Some chapters are, by the nature of their subject matter, more somber and serious. There are lively, if dark, anecdotes in the chapter on Alexander the Great. For example, Alexander agreed to give his personal paparazzo of a poet, Choerilus, a gold coin for every good verse and a punch for every bad one; the poet ended up beaten to death, giving a new meaning to the phrase “poetry slam.” But the number of horrors Alexander visited on enemies and friends alike (after the fall of Tyre, which he had besieged for seven months, he was still so furious he crucified a further 2,000 Tyrians for good measure) leaves one thinking that a better title for him might have been Alexander the Terrible.

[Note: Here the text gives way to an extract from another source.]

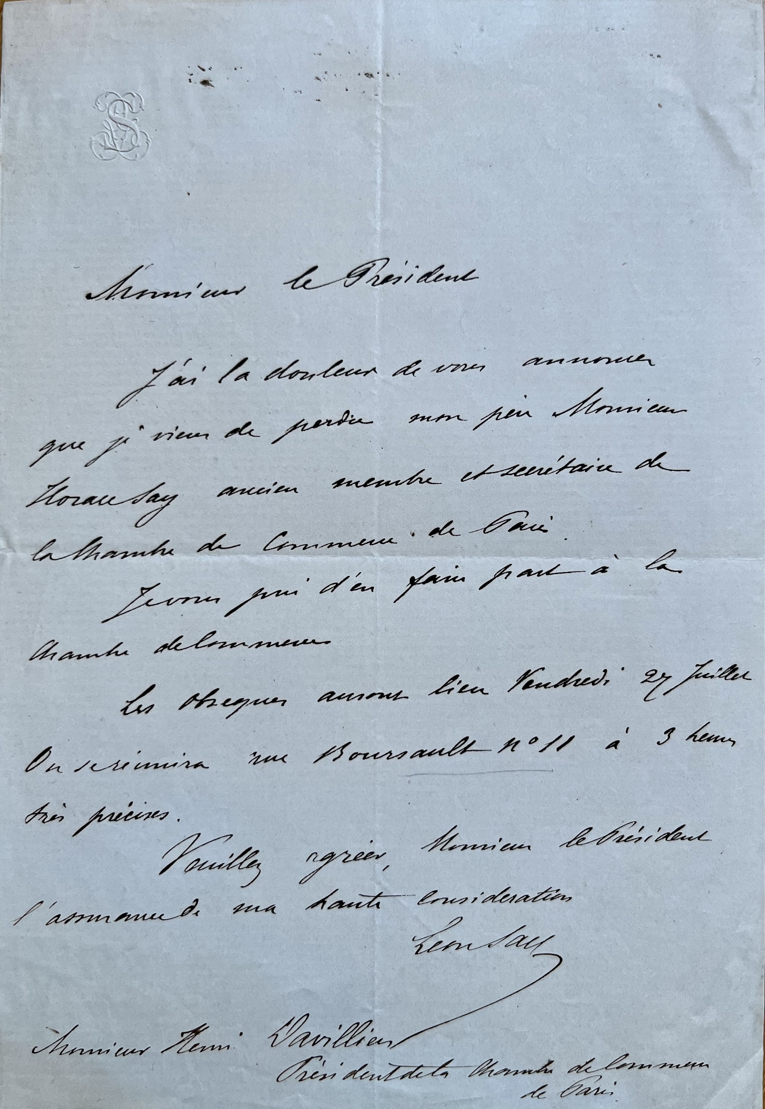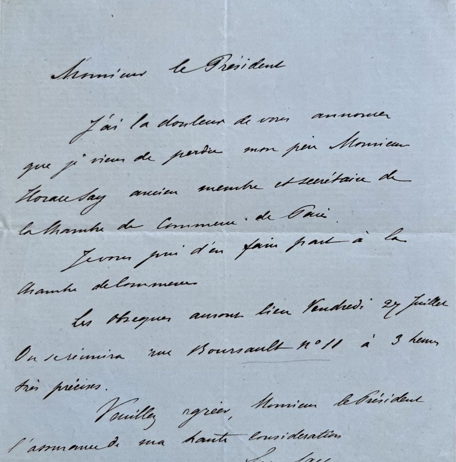 "J'ai la douleur de vous annoncer que je viens de perdre mon père Monsieur Horace Say ancien membre et secrétaire de la Chambre de Commerce de Paris. Je vous prie d'en faire part à la Chambre [...]".

This book could have been arranged so as merely to shock and titillate (we do learn, for instance, that the residents of Lesbos invented fellatio), and the chapter entitled “Sex” will not disappoint. But there is an appealing elbow-patched old-fashionedness to McKeown’s voice and style, as with his occasional gentle, teacherly corrections: “[I]t is strictly speaking incorrect to refer in the plural to the ‘protagonists’ in a play, novel, or movie.” (“Protagonist” means “first performer.”) Or, of “thespian,” that it is a “rather pretentious term for ‘actor.’ ”

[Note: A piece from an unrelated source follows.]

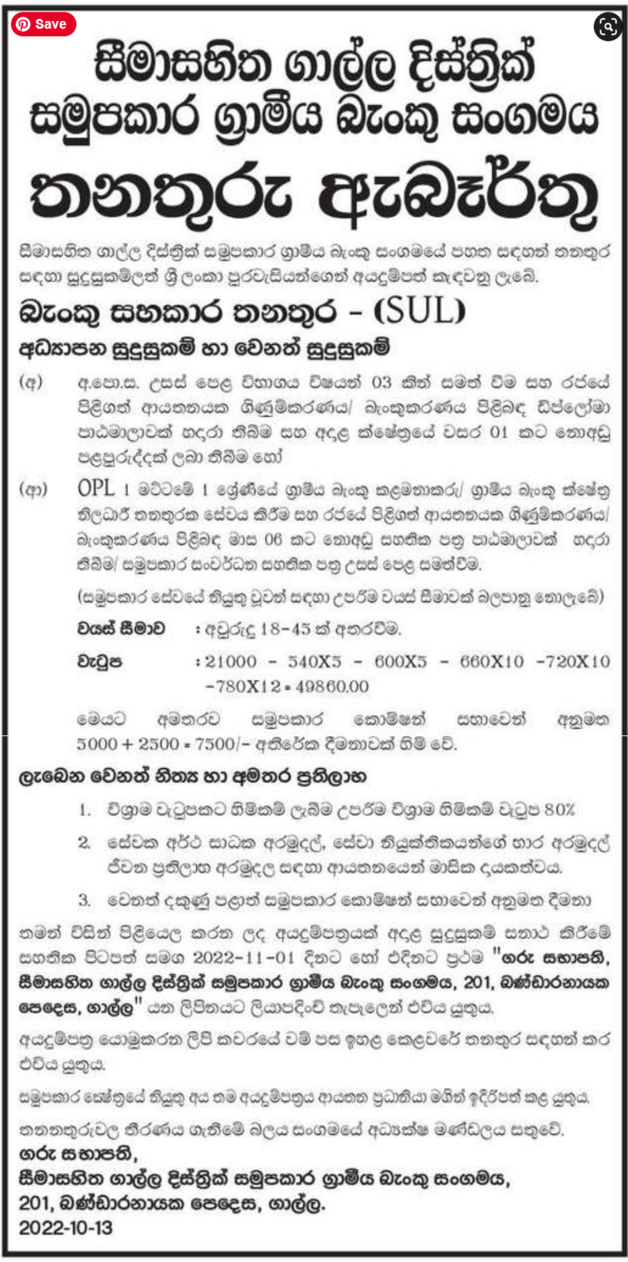 Banking Assistant - Galle District Co-operative Rural Banking Association Limited

A dash of “Attic salt” seasons the whole volume, especially in asides: When quoting from Aelian’s Miscellaneous History—“In the year of the ninety-first Olympic Games, when Exaenetus of Acragas won the foot race”—McKeown adds, “i.e., 416 b.c.; a modern writer might have said, ‘In the year that the Athenians killed all the adult male inhabitants of Melos and enslaved all the women and children.’ ” No Athenian apologist he! At the start of the chapter on “Women,” McKeown observes wryly that “this chapter might almost better have been entitled ‘Misogyny.’ ” The unshowy and conversational translations throughout appear to be McKeown’s own.
This reviewer is also relieved that the author has stuck with the traditional and perfectly workable “b.c.” in dates, and not the ungainly if politically correct “b.c.e.,” or “Before the Common Era” (the Common Era coincidentally starting around the time of the birth of Christ). It’s the sort of book destined to end up in one of the two most honored places for any favorite volume: the nightstand, or an arm’s-length away from the porcelain throne. It’s the perfect graduation present for a budding classicist, or for anyone of your acquaintance who loves history, mythology, ancient literature, archaeology, drama, philosophy, or the more humane letters.
What English teacher wouldn’t want on his or her door the following quotation from Socrates? “If I had taken Prodicus’ 50-drachma course on etymology, I could have told you straightaway the whole truth about words. But I didn’t, I took only the one drachma course.”
A. E. Stallings, poet and translator, is the author, most recently, of Olives: Poems.